Luton airport will be raising our frustration levels to new heights this summer
with a new traffic-management plan causing confusion and gridlock on the approach
road.   Passengers arriving for early-morning flights last week were horrified
to find traffic tailing back for more than a mile beyond the airport perimeter.

With taxis and private cars crawling at a snail’s pace, desperate passengers
got out and started the long, uphill hike to the terminal. "This is inhumane,"
seethed Sandra Morris, pushing a buggy with one hand and dragging her suitcase
with another. "I feel like a refugee."

"If I don’t walk, I’ll miss check-in," said Alessandro Diaggio.  "My wife has
to return the rental car and I’m going to try to check her in, otherwise she’ll
have to book another flight."

At the front of the queue, airport workers acting as traffic marshals bore the
brunt of passengers’ ire.   "It’s not our fault," said one.    "It’s the idiots
running the airport who can’t see the chaos their master plan has caused."



That "master plan" is a scheme to charge drivers to drop passengers at a "priority
set-down area" alongside the terminal.
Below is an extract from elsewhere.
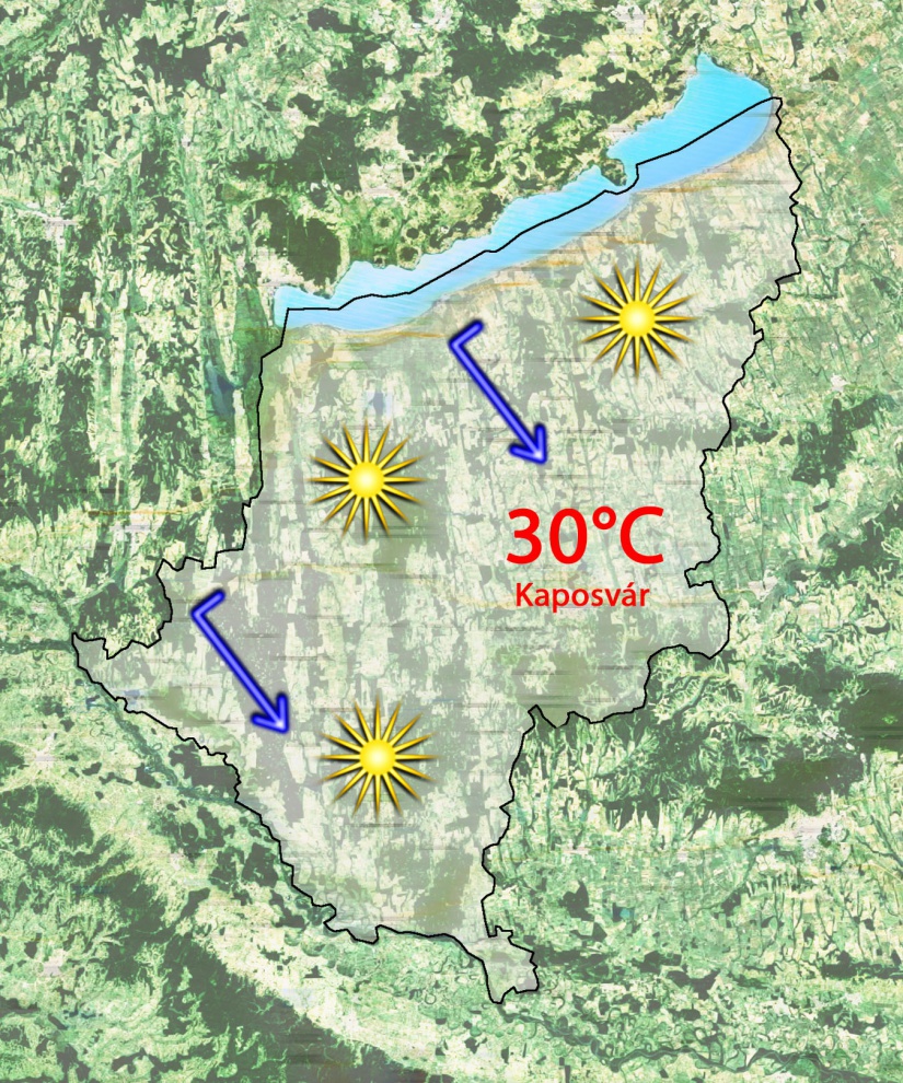 Vasárnap reggel 15 °C-ig hűl a levegő a derült ég alatt. Napközben 30 °C-ig szökik fel a hőmérő higanyszála. Marad még a viszonylag friss idő. Gyengén fúj majd az északnyugati szél.

If you’re in and out in 10 minutes, the
fee is £1, but if you stay a minute longer, it’s £50. Those wishing to avoid the
levy are forced to double back to the mid-term car park, half a mile from the
terminal.

Introduced last week, the new traffic-management scheme has the stated aim "to…
ensure that all passengers, including the elderly and less mobile, are best able
to access the terminal in a secure and orderly manner".

According to one elderly passenger, sitting exhausted with his luggage on a grass
verge several hundred yards downhill from the terminal, "it’s a shambles.     It
looks like Dunkirk".

Even those who thought they’d avoided the jams by taking public transport from
the long-term car park found themselves trapped in the gridlock.

"It’s six in the morning on a weekday in term-time," noted a courtesy bus driver.  
 "Can you imagine what it’s going to be like when the schools break up?   Thousands
of people are going to miss their flights."

Luton airport’s management, which already charges passengers £1 for the clear
plastic bags in which to present liquids, and £3 for fast-track security, said
that it could take between a month and six months to clear the congestion caused
by the new scheme.     "We’re doing everything we can to persuade the public to
decide where they want to drop off before reaching the terminal.    We’ve got a
lot of signposts up and there’s information all over our website."